Der Haas-Rennwagen des Formel-1-Piloten Romain Grosjean steht auf der Formel-1-Strecke von Bahrain in Flammen.
Der Haas-Rennwagen des Formel-1-Piloten Romain Grosjean steht auf der Formel-1-Strecke von Bahrain in Flammen. © AFP

Einigermaßen okay – wenn auch zulässig, ist dies eine Untertreibung. Der Mann mit der französischen Rennfahrerlizenz muss sich in Wirklichkeit fühlen wie neu geboren: „Ohne den Halo wäre ich nicht mehr hier. Es ist eine der besten Entwicklungen der Formel 1“, sagte er. Halo, das ist der Bügel über dem Cockpit, übersetzt bedeutet das Wort: Heiligenschein. Grosjean war, wie so viele andere ein Gegner des Kopfschutzes, als dieser 2018 eingeführt wurde. So etwas sei gegen die DNA der offenen Rennwagen. Aber was macht Design aus, wenn es um Menschenleben geht?

Wie die Frau von Romain Grosjean ihren Kindern den schrecklichen Unfall erklärt

Seine Gattin Marion, die früher für das französische Fernsehen von der Formel 1 berichtet hat, sagte: „Es brauchte nicht bloß ein Wunder. Sondern mehrere.“ Sie sprach von einem „Schild der Liebe“, das ihren Mann beschützt habe. Manchmal schlafe sie in einem T-Shirt aus Formel-2-Zeiten, auf dem klein „Romain“ und groß „Champion“ steht. Sie findet, dass das Wort durch „Superheld“ ersetzt werden müsse. So hätte sie die Geschehnisse auch ihren drei kleinen Kindern erklärt. Im Wissen, dass der 34-Jährige, dessen Grand-Prix-Karriere im Dezember zu Ende geht, fast zum Märtyrer geworden wäre.

Haas-Teamchef Günther Steiner, der seinen Piloten noch nachts am Krankenhausbett besuchte, ist eher ein Realo als Esoteriker. Doch auch der Südtiroler befand: „Heute war ein Schutzengel mit uns.“ Einer? Der hätte nicht gereicht.

Fiitpaldi ersetzt Grosjean beim nächsten Grand Prix in Bahrain

Das völlig ausgebrannte Vorderteil von Romain Grosjeans Haas-Rennwagen. Der Pilot konnte zum Glück rechtzeitig entkommen und erlitt nur leichte Brandverletzungen.
Das völlig ausgebrannte Vorderteil von Romain Grosjeans Haas-Rennwagen. Der Pilot konnte zum Glück rechtzeitig entkommen und erlitt nur leichte Brandverletzungen. © AFP

Im Wissen um Grosjeans Charakter vermutet Steiner aber auch, dass der Fahrer unbedingt am kommenden Wochenende schon wieder im Auto sitzen will, wenn wieder in Bahrain, diesmal aber auf einem anderen Streckenlayout, gefahren wird. Doch die Vernunft hat entschieden: Der brasilianische Testfahrer Pietro Fittipaldi (24) wird ihn ersetzen.

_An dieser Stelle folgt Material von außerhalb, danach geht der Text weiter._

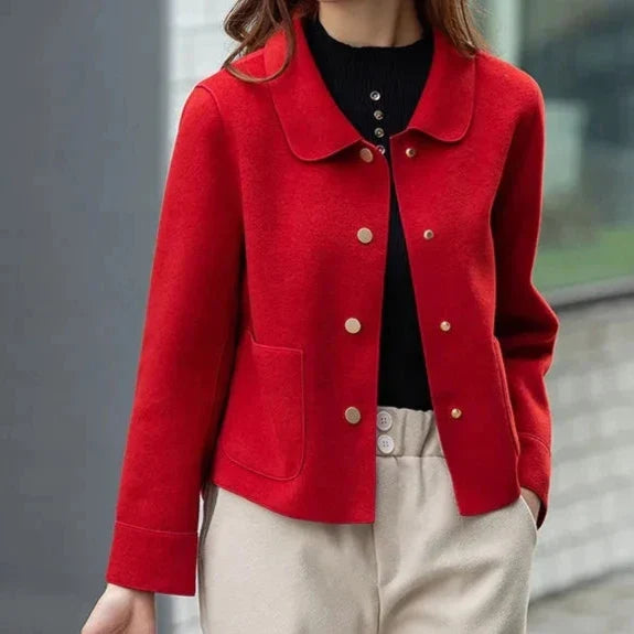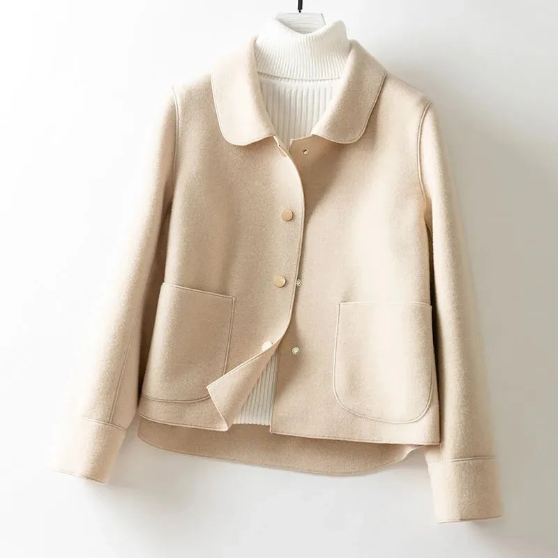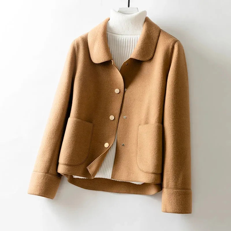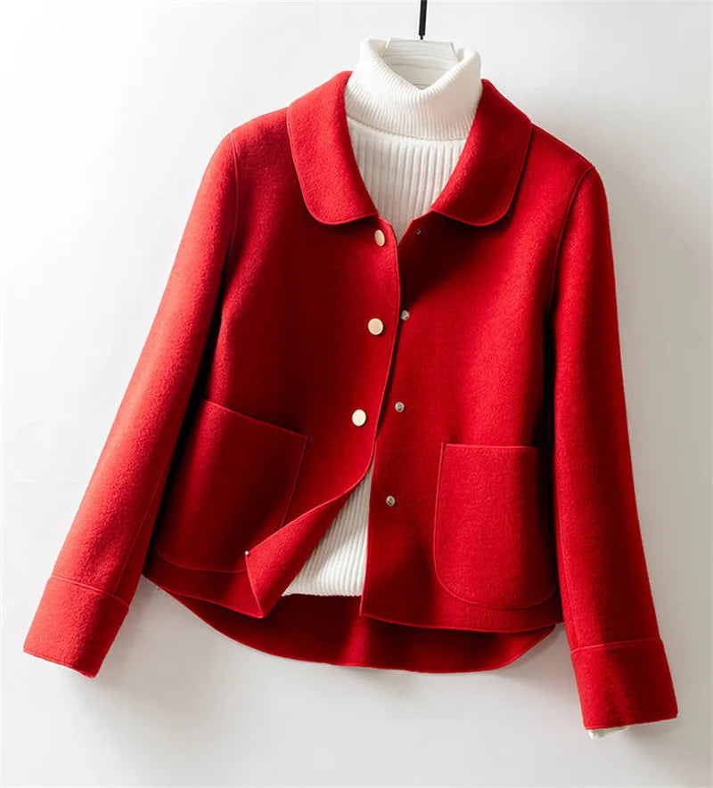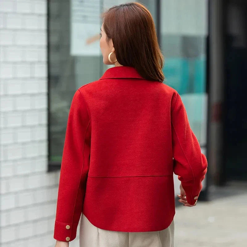 Krótki damski płaszcz o prostym kroju zapinany na zatrzaski

Die Sicherheitsexperten des Automobilweltverbandes Fia sind längst mit der Aufarbeitung des dramatischen Unfalls beschäftigt. Wie nach einem Flugzeugabsturz wurde aus dem Autowrack die Blackbox geborgen. Diese wird Aufschlüsse über die enormen Kräfte geben, die auf das dann zerstörte Auto gewirkt haben, über die technische Kettenreaktion und die Wirkung der Schutzmaßnahmen. Falls nötig, werden sie eine Verschärfung für die Zukunft empfehlen.

Es gibt drängende Fragen, obwohl alle Sicherheitsmaßnahmen perfekt ineinander gegriffen haben: Wieso konnte das Auto nach dem Aufprall überhaupt durch die Leitplanken hindurchschießen? Standen sie im richtigen Winkel? Wieso waren dort nicht andere, abpuffernde Barrieren? Auf welche Weise hat sich das Feuer überhaupt so schnell und heftig entzünden können?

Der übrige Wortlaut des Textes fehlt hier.